Today, internal audit is a service for management and also for those, such as boards and audit committees, charged with governance. Particular internal audit functions may also have certain obligations to report to outside parties, such as regulators. It is important that the roles, responsibilities, and authority of internal audit are clearly set out and supported within the organization.
Essential Prerequisites for Internal Auditing
Clear ground rules must be kept to if internal audit is to add best value to both its assurance and consulting roles. In any entity, these should be set out in the internal audit charter, which must be approved by the board or by the board’s audit committee on behalf of the board. The most senior level that relies on the assurance given by internal audit needs to be confident that internal audit is not subordinating its judgment on professional matters to that of anyone else. Usually, at its most senior level internal audit reports to the audit committee of the board. Compromised professional judgment may occur with respect to:
determining the planned programme of audits;
accessing information and personnel necessary to properly conduct an audit;
deciding the content of internal audit reports.
While it may appear that the chief audit executive is reporting directly to the audit committee, as indeed should be so, that reporting is of little value if it is in effect censored by senior management before it reaches the audit committee.
Internal audit is both an audit for management and also an audit of management for the board through the board’s audit committee. If internal audit is compromised professionally, then it is essential that those who rely on the assurance that internal audit gives are fully cognizant of this. An audit committee needs to have time alone with the chief audit executive, with other executives not being in attendance; this can take place in a 15-minute session at the start of each audit committee meeting. Audit committees should also be involved in advance in decisions relating to the appointment, reappointment, dismissal, and remuneration of heads of internal audit.
Organizationally it is preferable that the internal audit function does not belong to the finance/accounting function of the organization as this makes it harder for internal audit to audit financial and accounting matters with sufficient independence and objectivity.

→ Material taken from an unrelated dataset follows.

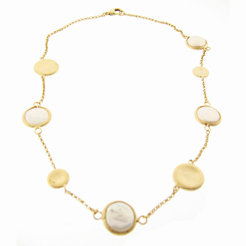 Coin necklace with fresh-water-sea pearls.
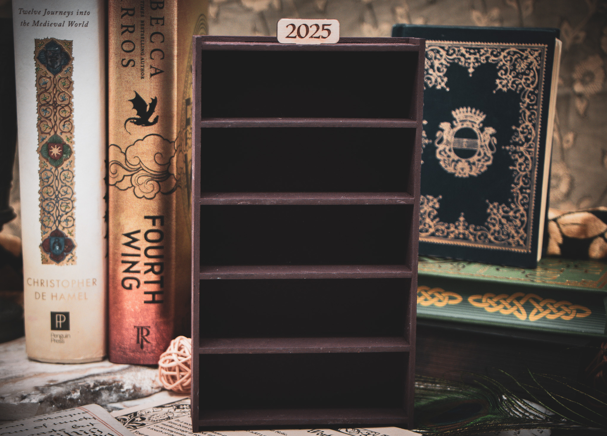 Every great journey deserves a monument. Construct your own pocket-sized scriptorium to house the titles that have shaped your year.

It also makes it more difficult for internal audit to be welcomed as having a valuable contribution to make when it audits the operational areas of the business. Ideally, internal audit should report directly to the chief executive or, alternatively, to someone, or to a committee, outside of the main functional areas of the business.
“The chief audit executive must report to a level within the organization that allows the internal audit activity to fulfill its responsibilities. The chief audit executive must confirm to the board, at least annually, the organizational independence of the internal audit activity.”2
Case Study 1
Management and internal audit of a multinational company knew about an overstatement of oil reserves for some two years before the board and the board’s audit committee learnt about it. Executive directors are said to have met before board meetings to agree a common line to be taken at the board. Reports from the chief audit executive passed across the desk of the chief financial officer before going to the audit committee. The chief executive, director of exploration, and chief financial officer left the company; when the company next appointed a new chief audit executive, the company sought an external candidate for the first time.